I wrote a print column today about the Democrats signing up Iraq war vets to run for Congress this year. The jury is still out on whether the "fighting Dems" can succeed, particularly since most of them are challenging incumbents. But let us paint for a moment on the larger canvas:
As the war in Iraq enters its fourth year, the public mood is so sour that even Republicans are starting to believe that their congressional majorities, particularly in the House, might be in serious jeopardy in the November '06 elections. One new poll released today reports that only 29 percent of Americans support President Bush's handling of Iraq; another, released a few days ago, reports that 66 percent believe the U.S. is losing ground in preventing a civil war in Iraq.
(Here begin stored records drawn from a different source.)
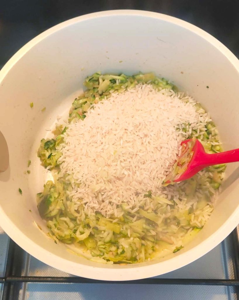 Incorpora el calabacín rallado o cortado en dados pequeños y el jengibre rallado.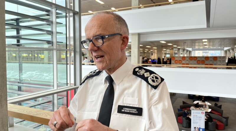 Pictured top: Met Commissioner Sir Mark Rowley, speaking to reporters this week at Hendon Police College (Picture: Noah Vickers)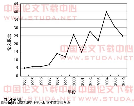 下面,本文作者通过中国学术期刊网(WWW.CNKI.NET)1994年至今(部分刊物回溯至创刊),中国期刊全文数据库共17 693 112篇,以及1999年至2006年中国优秀博硕士学位全文数据库共309 938篇硕士、博士学位论文的文献综合分析,来简要概括我国有关生态环境变迁研究的相关进展。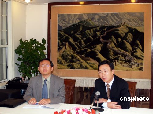 11月28日,中國(guó)駐洛杉磯總事館實(shí)行新聞發(fā)言人制度,將每月舉行一次新聞發(fā)布會(huì),廣邀美國(guó)主流媒體及華文媒體記者參加。在首次新聞發(fā)布會(huì)上,副總領(lǐng)事許朝友和新聞發(fā)言人陳世杰,就保護(hù)中國(guó)公民、北京奧運(yùn)海外志愿者報(bào)名手續(xù)等問題回答了記者的提問。中新社發(fā) 盧威 攝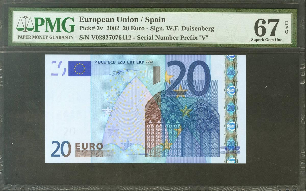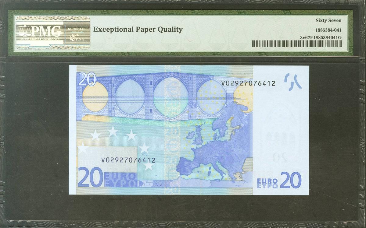 20 Euros. 1 de Enero de 2002. Firma Duisenberg. Serie V (España). (Edifil 2021: 488, Pick: 3v). SC. Encapsulado PMG67EPQ.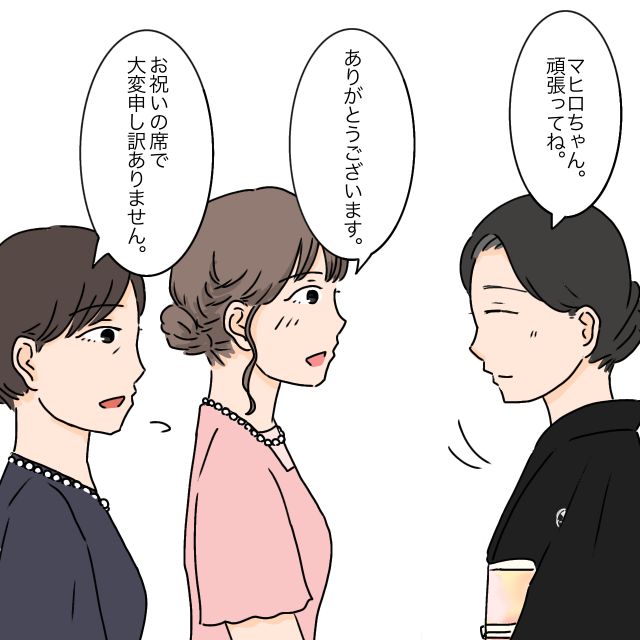 そこへ「マヒロちゃん、頑張ってね」と声をかけてくれたミウさんのお母さんに、「ありがとうございます」とマヒロがお礼を言い、「お祝いの席で大変申し訳ありません」と私も謝りました。

And before Bush defenders start complaining that all these polls are "biased" or creatures of the "MSM," I'll also point out that, in the latest Fox News poll, only 34 percent of Americans are optimistic that Iraq will ever have a "free, stable government."
And while checking out the Sunday shows, it's not hard to see why the domestic mood is so downbeat. Anyone hoping for straight-shooting candor was quickly disappointed.
Exhibit A: Dick Cheney. No surprise there. On CBS, he was asked to revisit his 2005 contention that the Iraqi insurgency was in its "last throes" and his prewar contention that U.S. troops would be "greeted as liberators." He replied that statements such as his "were basically accurate and reflect reality."
Exhibit B: Gen. George Casey, the top U.S. commander in Iraq. Casey is a military man, not a political leader, so he probably deserves a little slack. But there was something downright Clintonian about his repeated parsing of words.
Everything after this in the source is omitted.